Much has been made of the apparent fact that California insurance exchange premiums are coming in well below predicted amounts. Now given that the CBO was given pretty decent starting assumptions, and they're not a bunch of dummies, how indeed did the "real" rates come in at up to 29% lower than predicted?
It should be noted here that the cost structure of insurance is pretty well known, and accessible to most any actuary or other statistically trained person. You have about 2% overall profit by insurance companies, between 10-20% overhead costs, and the rest goes to the care providers. So how do you get to costs up to 29% below expectations?
Simple. Each insurance company has a payment percentage. If you look at your healthcare bills, you'll see the initial number, an insurance discount, and then the amount you and your insurer finally pay. So to get to 29% less than the prediction, you simply assume that a certain portion of doctors will need to take a lot less for their services to keep working.
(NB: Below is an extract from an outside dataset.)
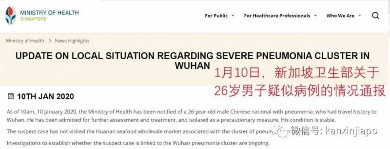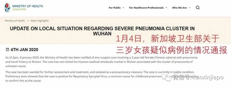 从1月4日开始,尽管尚未出现病例,新加坡卫生部频繁发出有关“新冠病毒”消息与提醒, 包括对学校、幼儿园、医院、老人院等场所的防疫准备要求。卫生部的通报也会详细公布每一起疑似病例的具体情况。

Now in the short term, that works, but in the long term, you get phenomena like the Mayo Clinic telling new associates not to accept Medicare patients. In short, there is a cost structure in medicine, and you can't simply cut payments ad infinitum and expect that the supply curve will rise to meet the demand.
Translated, this means that a lot of Californians are likely to learn the hard way that having health insurance is not the same as having healthcare.
Update: it turns out that California's overall "reduction" in health insurance premiums actually turns out to be an increase of 64% to 146% when one compares the premiums for their plan with the actual peer group of insurance plans from the individual market instead of highly regulated corporate plans.
Once again, government accounting is not honest accounting.